Pi Innovo has delivered a number of vehicle control unit solutions for hybrid (both series and parallel) and pure electric vehicles. Engagements have ranged from ECU (and associated training) supply through to whole vehicle responsibility. Leveraging OpenECU hardware and Pi Innovo’s detailed understanding of electric vehicle systems, Pi Innovo engineers are able to quickly integrate new powertrain architectures into new or existing vehicle systems.
Pi Innovo engineers have experience with brushless motor applications, including sensor-less control techniques. Brushless motor control presents challenges which require design tradeoffs between cost, torque, speed performance, and electromagnetic noise.
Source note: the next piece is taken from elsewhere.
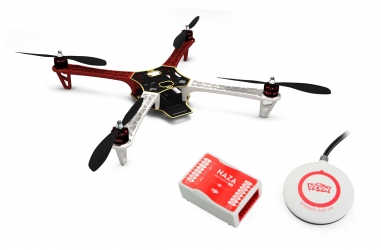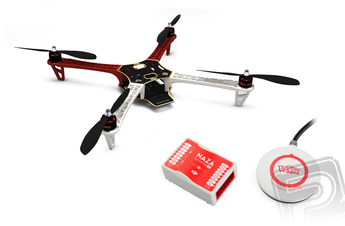 Sada obsahuje stavebnici DJI-F450 ARF (mechanika kvadrokoptéry se 4 střídavými motory C2312E/800 a 20A regulátory), modul autopilota NAZA-Lite včetně GPS/kompasu a podvozek.

Selecting the appropriate hardware design and pulse-width modulation (PWM) control scheme is essential to meeting the customer’s end requirements.
Throughout these control applications, Pi Innovo engineers investigate the underlying physical principles of the system leading to flexible, broadly-applicable solutions. This approach is preferred over narrow control designs, which rely on exhaustive characterization of every operating condition.
In addition to controlling a mechanical system to achieve a desired behavior, Pi Innovo has experience from nearly every application regarding algorithm designs for diagnostic functions. For safety-critical and high-quality end systems, rigorous diagnostic functionalities become absolutely necessary, and require approaches including rationality and correlation between multiple measurements and estimates. In addition, some applications include prognostics, or functionality, that estimate the remaining useful life of the system, indicating the likelihood of a component or system failure before it actually occurs.